The commission’s argument, Baker said, rests on the premise that Mitchell, an African American man who purchased a home in the Summerwalk development, was required by his deed to be bound by the declaration of covenants, conditions and restrictions (CC&Rs), to become an HOA member and to pay mandatory dues for property‑management services that would be provided in the future. Those obligations, Baker said, create a service relationship tied to the sale: "The enforcement of the covenants that govern every property in the community is a service to the community," she said, and the enforcement notices themselves stated they help "protect everyone's property values."
Responding, Michelle Nassar, appearing for respondent Summerwalk HOA and related parties, urged a narrower reading. She told the court the statute limits the Commission’s jurisdiction to defined "real estate transactions" and that community enforcement of CC&Rs is an optional governance practice, not a service purchased as part of a sale: "The sale transaction only involves the seller and the purchaser. It doesn't mention the HOA," Nassar said.

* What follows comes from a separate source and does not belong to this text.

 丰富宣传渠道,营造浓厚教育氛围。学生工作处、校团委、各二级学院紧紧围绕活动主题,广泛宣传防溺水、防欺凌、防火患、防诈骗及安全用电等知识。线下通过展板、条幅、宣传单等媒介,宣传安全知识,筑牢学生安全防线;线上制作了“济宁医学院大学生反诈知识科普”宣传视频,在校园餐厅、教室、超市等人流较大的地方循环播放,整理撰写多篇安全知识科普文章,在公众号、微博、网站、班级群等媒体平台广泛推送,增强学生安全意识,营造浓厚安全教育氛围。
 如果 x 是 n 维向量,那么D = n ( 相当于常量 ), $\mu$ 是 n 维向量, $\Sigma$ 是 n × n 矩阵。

The bench probed whether the statute’s language permits an expansive temporal reach—i.e., enforcement actions years after a sale—and whether the legislature intended an agency investigation into long‑past neighborhood disputes. Baker replied that the statutory provision cited in the transcript (rendered there as "RCW 49 62 22 1 b") imposes no explicit temporal limitation on services "furnished in connection" with a transaction and that the Commission is required to investigate complaints that allege violations of the real‑estate provisions (the transcript also cites "RCW 49 62 41 c"). Baker emphasized the remedial purpose underlying the statute and cited precedent the Commission views as supportive, including Tafoya v. Washington State Human Rights Commission and a federal appellate decision involving post‑purchase enforcement of condo rules (referred to in argument as the Bloch/Block matter).

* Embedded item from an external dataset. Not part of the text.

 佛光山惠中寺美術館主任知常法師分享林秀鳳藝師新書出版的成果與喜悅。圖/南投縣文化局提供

Nassar countered that Tafoya is distinguishable because it concerned continuing rental/lease relationships that are explicitly listed in the statute and that permitting agency oversight of private HOA rule enforcement would subject homeowners and neighbor disputes to state investigations: "This is a private matter. It is not for the state to intervene," she said.
Both sides were asked to address whether the statutory phrase "services associated with the real estate transaction" should be read narrowly—limited to lending, brokerage and other discrete transactional services—or broadly to include covenant enforcement that flows from mandatory membership terms. The panel’s questions repeatedly focused on (1) whether a qualifying "transaction" must be ongoing or discrete, and (2) whether the statute’s remedial goals require a liberal construction that would cover post‑sale enforcement actions.
The oral argument concluded after each side reserved time for rebuttal; the panel thanked counsel and ended the second of three cases for the morning. The court did not announce a decision at the hearing.